Oma's Buttermilk Pancakes: pure food chemistry

There are dozens of recipes for pancakes floating around on the web, but few that explain the chemistry of a perfect pancake. We often trust the wisdom of ages ("grandma's pancakes") without understanding why certain pancake recipes work better than others. By the way, this actually is an old family recipe, just in case anyone wondered about the truth of the title.

Sodium bicarbonate is the real magic behind a fluffy pancake. It leavens pancake batter by reacting with an acid to produce carbon dioxide bubbles. Baking powder (sodium bicarbonate + phosphate + corn starch) is a kind of all-in-one way to create this leavening reaction. Phosphates are a type of acid. One common type of phosphate found in baking powder is sodium aluminum sulfate, which creates a tinny aftertaste. However, if no other acid is present in a pancake recipe, it is necessary to use baking powder to create a fluffy cake.

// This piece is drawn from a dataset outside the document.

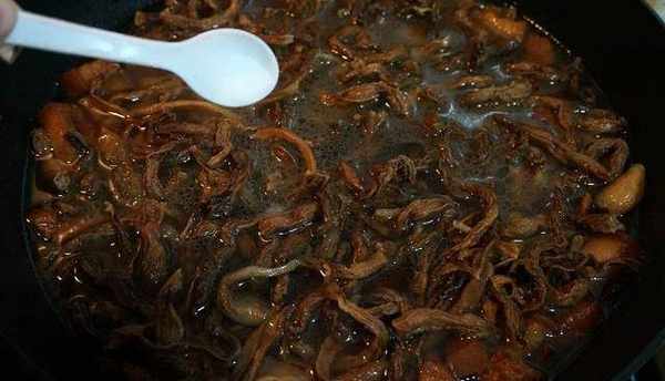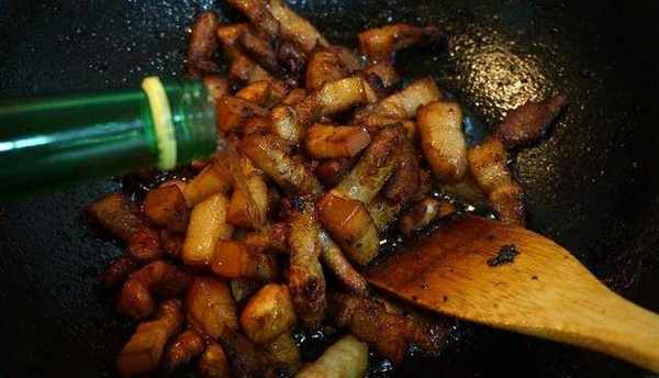 5.如果油很多,我們將它倒出一點,否則會太油膩,進食時會更加油膩。倒入一點白酒,聞一下肉的味道。

Buttermilk pancakes do not require the use of baking powder. Baking soda, which is just pure sodium bicarbonate with no added phosphates, can be used instead. Lactic acid in the buttermilk will react with baking soda to leaven the batter. Do note -- buttermilk is not milk with butter in it. Most commonly available buttermilk is regular milk that has been cultured and fermented. Its flavor is reminiscent of plain yogurt.

Why use oil instead of butter in pancake batter? Pancakes should be cooked on a hot pan for optimum texture, and butter burns quickly at high temperature. Blackened pancakes are a disaster in anyone's book! Oil will not burn, and helps create a nicely browned cake that doesn't stick to the pan.

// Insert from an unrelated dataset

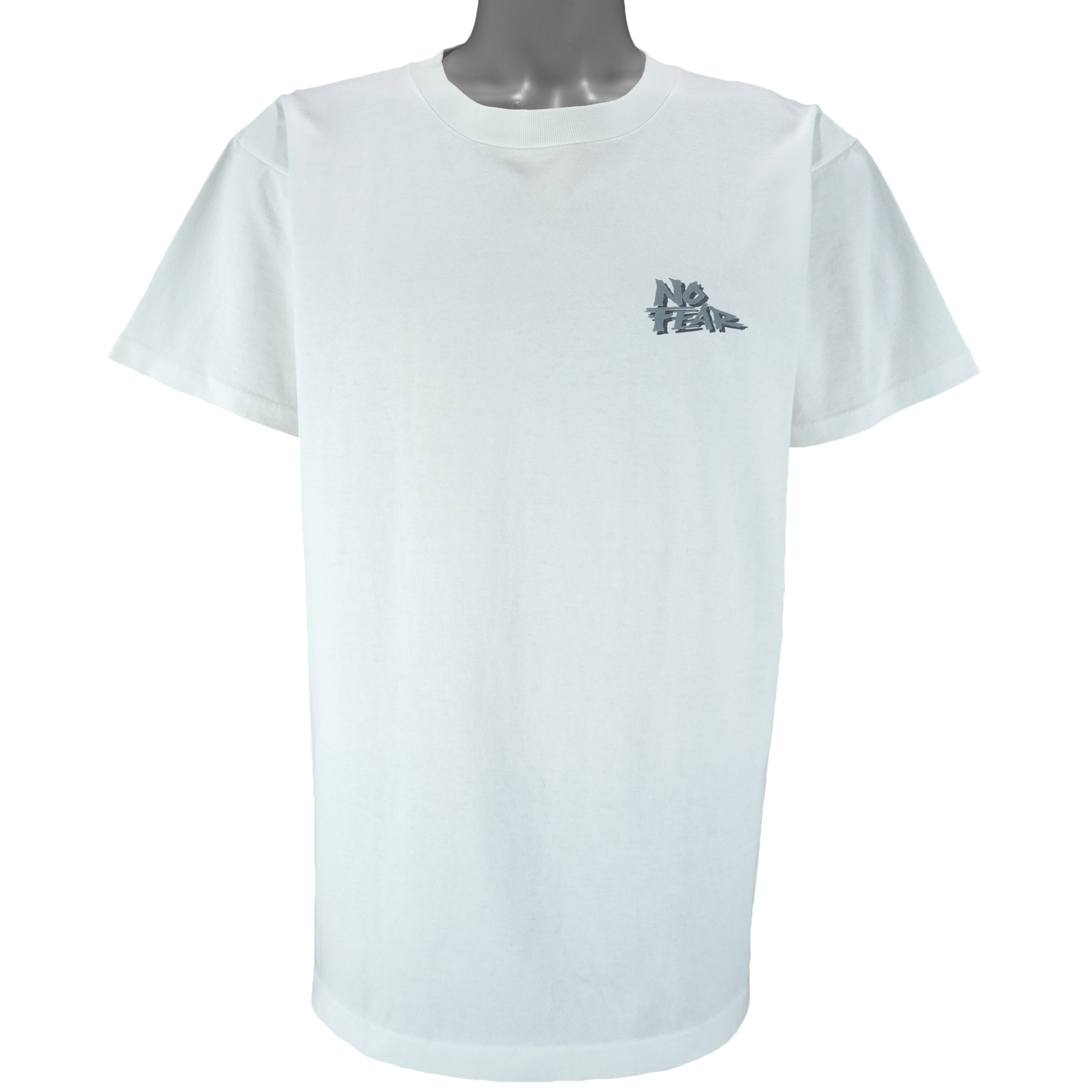 1990s Vintage No Fear You Can't Steal Second With Your Foot On First T-Shirt. White in color, fits large size and is in excellent condition.

This batter yields a lightly sweet, fluffy pancake. I call for a tablespoon of sugar, but two may be used for a sweeter cake. Top these cakes with whipped cream and fresh fruit, nutella, fruit preserves, or maple syrup and butter. As written, this recipe makes enough pancakes for our family of two plus a little one. Double it for a family of four. Enjoy on a lazy weekend morning.


1 cup flour
1 tbsp sugar
1/2 tsp baking soda
 1 egg
1 cup buttermilk
1 tbsp vegetable oil
1/4 tsp vanilla extract


1.  Turn the oven on low (200F). In a medium bowl, combine flour, sugar, and baking soda and stir thoroughly.

2.  In a separate bowl, lightly beat the egg with a fork, then add buttermilk, vegetable oil, and vanilla extract. Stir to combine.

3.  Make a small well in the center of the dry ingredients. Pour the wet ingredients into the well and stir until completely combined to make the batter.

4.  Cook the pancakes in batches on a hot fry pan. When the bubbles pop and leave a small hole that does not close again, it's time to flip.

5.  Keep cooked pancakes warm in the oven while you cook the others.